— MATERIAL TO PROCESS —
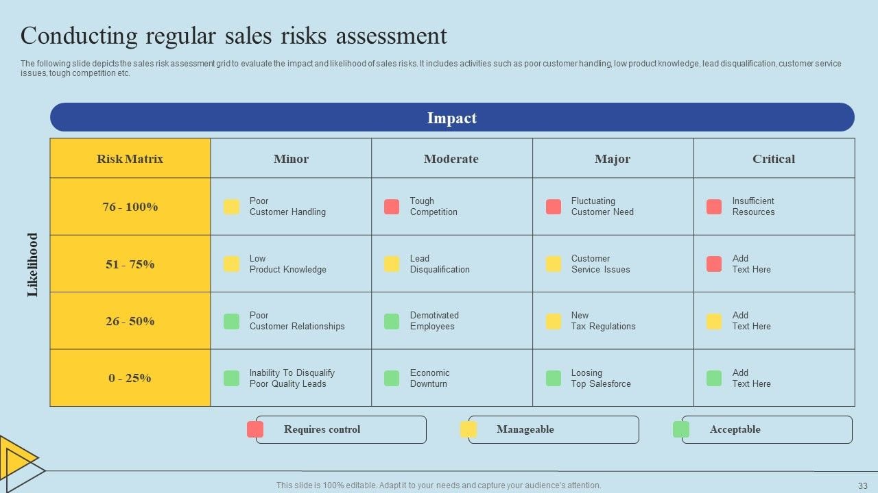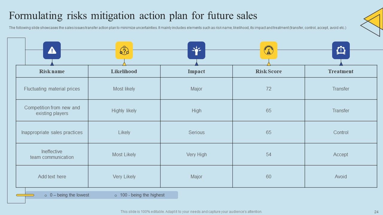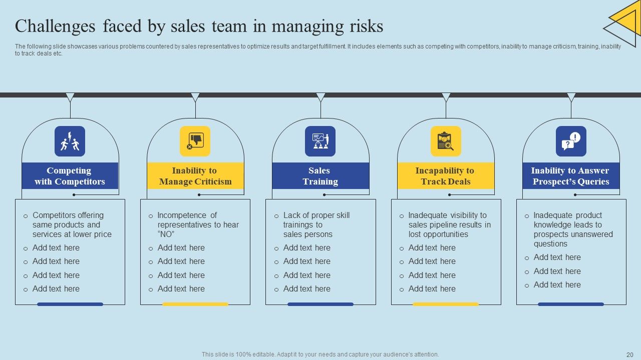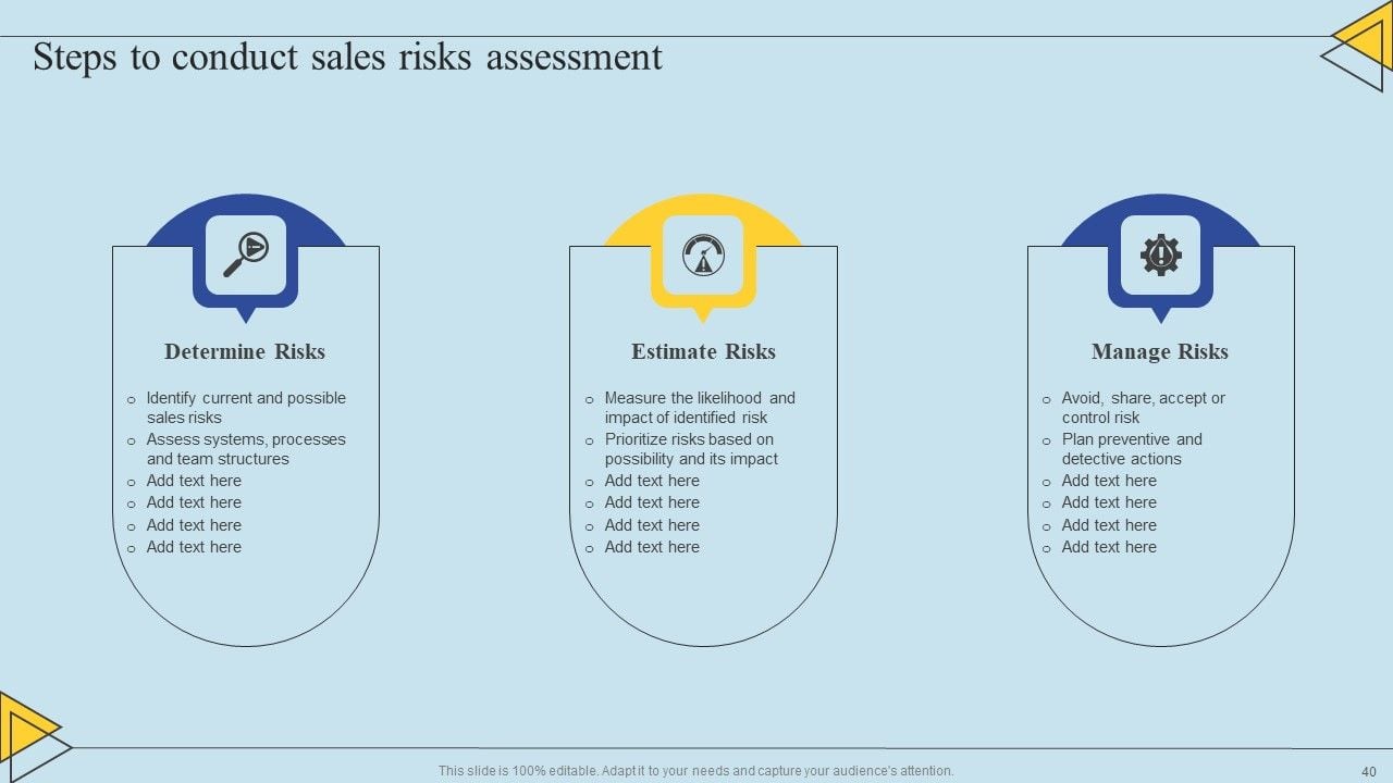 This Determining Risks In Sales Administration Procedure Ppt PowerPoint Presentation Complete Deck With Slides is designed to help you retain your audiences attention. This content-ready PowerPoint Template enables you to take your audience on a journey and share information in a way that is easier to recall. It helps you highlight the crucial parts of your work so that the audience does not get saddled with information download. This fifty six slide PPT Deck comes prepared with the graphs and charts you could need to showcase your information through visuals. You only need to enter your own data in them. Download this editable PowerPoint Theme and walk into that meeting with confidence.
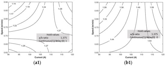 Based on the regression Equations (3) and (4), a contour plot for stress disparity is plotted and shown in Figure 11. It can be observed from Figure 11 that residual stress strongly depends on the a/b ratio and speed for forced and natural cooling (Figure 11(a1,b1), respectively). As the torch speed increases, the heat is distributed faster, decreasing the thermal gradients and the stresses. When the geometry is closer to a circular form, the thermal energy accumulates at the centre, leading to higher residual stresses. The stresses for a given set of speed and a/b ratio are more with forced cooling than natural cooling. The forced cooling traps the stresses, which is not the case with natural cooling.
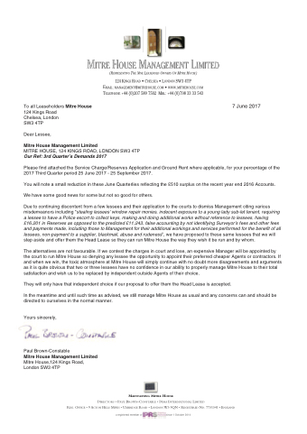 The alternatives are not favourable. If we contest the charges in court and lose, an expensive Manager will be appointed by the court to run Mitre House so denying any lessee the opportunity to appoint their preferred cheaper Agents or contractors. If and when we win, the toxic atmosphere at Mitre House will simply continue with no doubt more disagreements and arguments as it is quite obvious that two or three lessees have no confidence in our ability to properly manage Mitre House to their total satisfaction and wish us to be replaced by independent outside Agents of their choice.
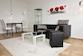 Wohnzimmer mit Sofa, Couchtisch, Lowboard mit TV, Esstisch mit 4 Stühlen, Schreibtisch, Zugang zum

---

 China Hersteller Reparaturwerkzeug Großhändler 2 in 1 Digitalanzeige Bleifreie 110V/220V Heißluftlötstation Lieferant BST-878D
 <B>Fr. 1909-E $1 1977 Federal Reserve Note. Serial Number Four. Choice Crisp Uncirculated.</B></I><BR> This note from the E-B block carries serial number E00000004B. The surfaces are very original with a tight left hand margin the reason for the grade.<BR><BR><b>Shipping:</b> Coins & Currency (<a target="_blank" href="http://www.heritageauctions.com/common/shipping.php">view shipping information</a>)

— EXERCISE —
The data above holds the lines to copy: start at the one with "This Determining Risks", stop at the one with "The alternatives are", include both, copy them exactly without pictures, and copy nothing else.

— SOLVED PROBLEM —
 This Determining Risks In Sales Administration Procedure Ppt PowerPoint Presentation Complete Deck With Slides is designed to help you retain your audiences attention. This content-ready PowerPoint Template enables you to take your audience on a journey and share information in a way that is easier to recall. It helps you highlight the crucial parts of your work so that the audience does not get saddled with information download. This fifty six slide PPT Deck comes prepared with the graphs and charts you could need to showcase your information through visuals. You only need to enter your own data in them. Download this editable PowerPoint Theme and walk into that meeting with confidence.
 Based on the regression Equations (3) and (4), a contour plot for stress disparity is plotted and shown in Figure 11. It can be observed from Figure 11 that residual stress strongly depends on the a/b ratio and speed for forced and natural cooling (Figure 11(a1,b1), respectively). As the torch speed increases, the heat is distributed faster, decreasing the thermal gradients and the stresses. When the geometry is closer to a circular form, the thermal energy accumulates at the centre, leading to higher residual stresses. The stresses for a given set of speed and a/b ratio are more with forced cooling than natural cooling. The forced cooling traps the stresses, which is not the case with natural cooling.
 The alternatives are not favourable. If we contest the charges in court and lose, an expensive Manager will be appointed by the court to run Mitre House so denying any lessee the opportunity to appoint their preferred cheaper Agents or contractors. If and when we win, the toxic atmosphere at Mitre House will simply continue with no doubt more disagreements and arguments as it is quite obvious that two or three lessees have no confidence in our ability to properly manage Mitre House to their total satisfaction and wish us to be replaced by independent outside Agents of their choice.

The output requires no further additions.